_Data excerpts_:
Segment Open
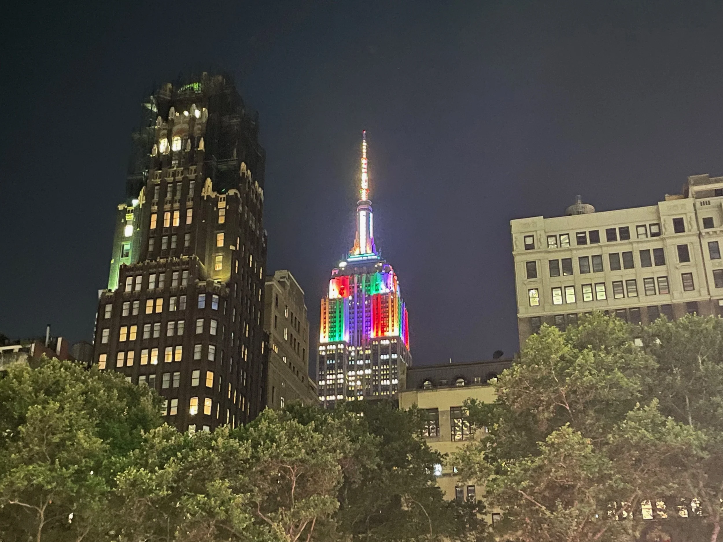 The vibrant Empire State Building shone over Bryant Park while I was watching a screening of “Star Trek VIII: First Contact.”
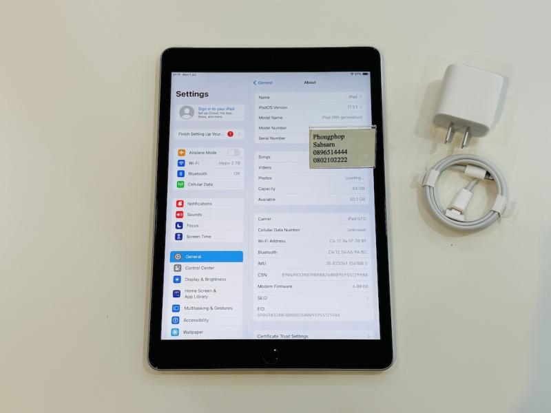iPad 10.2 Gen 9th 64GB Wifi Cellular สภาพใหม่ศูนย์ ไทย 9900 บาท
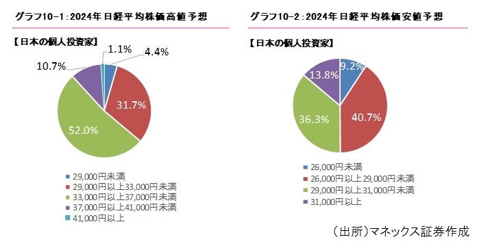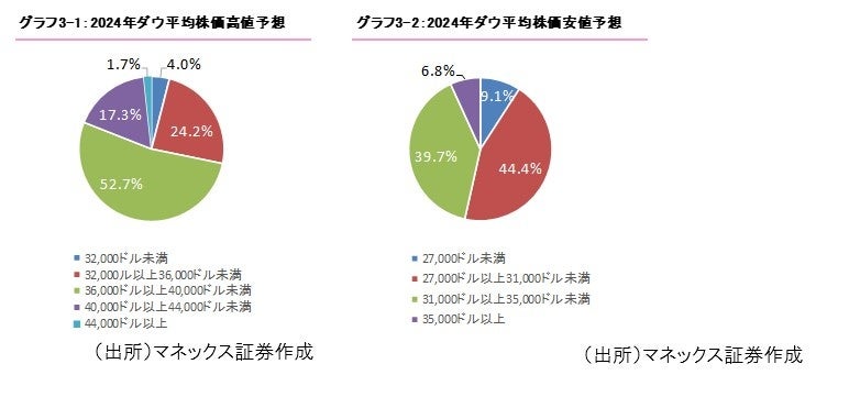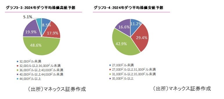 2024年の米国マーケット予想、日本と米国は36,000ドル以上40,000ドル未満が最も高い割合に
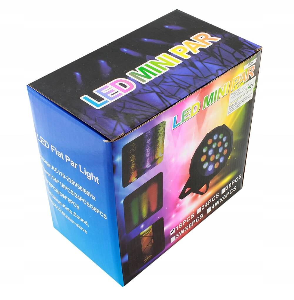 Дискотечні світильники - колорофон 18 діодів, 3 кольори RGB діодів з рамкою. Рефлектор оснащений вісімнадцятьма світлодіодами RGB потужністю 1 Вт кожен. Усі вони забезпечують потужне, дальнє світло! Завдяки широкому діапазону кольорів (RGB) він ідеально підходить як декоративне освітлення для діджеїв, музичних груп, вечірок, весіль і навіть клубів!
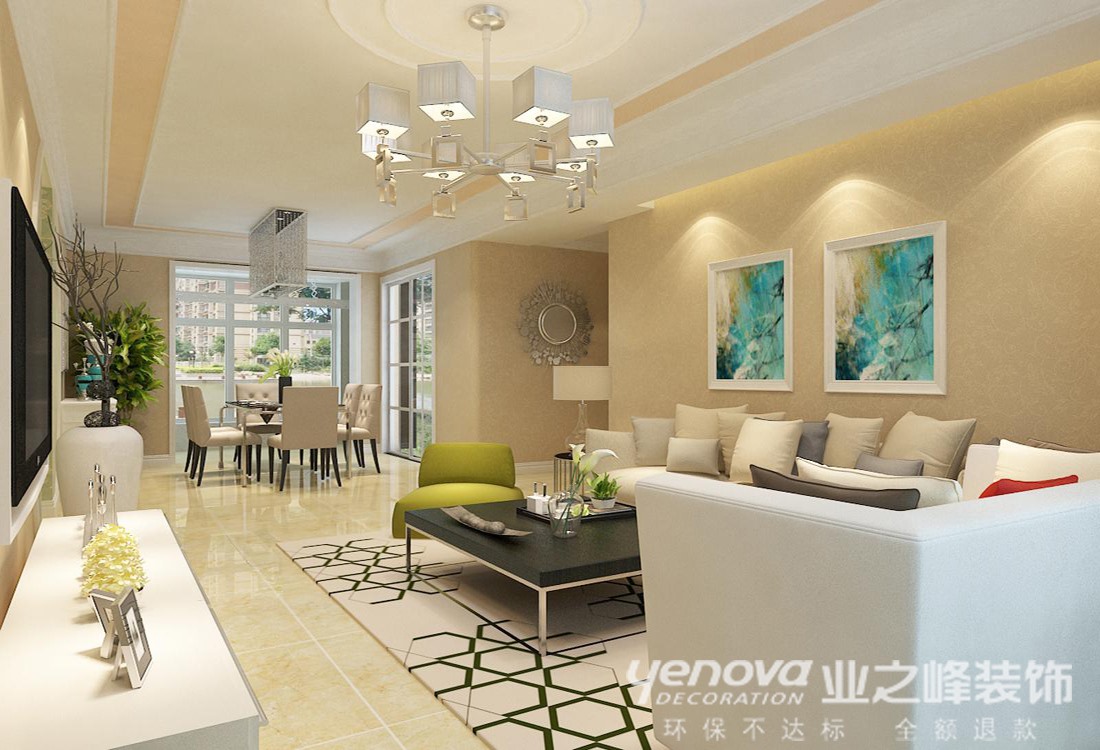 本方案定位于现代风格,整体的把控使整个空间具有整体感,分区明确,在地面的铺贴设计中和吊顶交相呼应,过道垭口处的设计很有设计感,一个厨房空间的扩大增加了厨房的利用率,进入卧室的垭口具有围合的寓意,使财气和福气不外泄。使整个现代风格的空间充满了既现代又传统的个性,并且充满了韵味。
Segment Closed
Each entry above is to be written out again unchanged, apart from the pictures, which are left out.

 The vibrant Empire State Building shone over Bryant Park while I was watching a screening of “Star Trek VIII: First Contact.”
iPad 10.2 Gen 9th 64GB Wifi Cellular สภาพใหม่ศูนย์ ไทย 9900 บาท
 2024年の米国マーケット予想、日本と米国は36,000ドル以上40,000ドル未満が最も高い割合に
 Дискотечні світильники - колорофон 18 діодів, 3 кольори RGB діодів з рамкою. Рефлектор оснащений вісімнадцятьма світлодіодами RGB потужністю 1 Вт кожен. Усі вони забезпечують потужне, дальнє світло! Завдяки широкому діапазону кольорів (RGB) він ідеально підходить як декоративне освітлення для діджеїв, музичних груп, вечірок, весіль і навіть клубів!
 本方案定位于现代风格,整体的把控使整个空间具有整体感,分区明确,在地面的铺贴设计中和吊顶交相呼应,过道垭口处的设计很有设计感,一个厨房空间的扩大增加了厨房的利用率,进入卧室的垭口具有围合的寓意,使财气和福气不外泄。使整个现代风格的空间充满了既现代又传统的个性,并且充满了韵味。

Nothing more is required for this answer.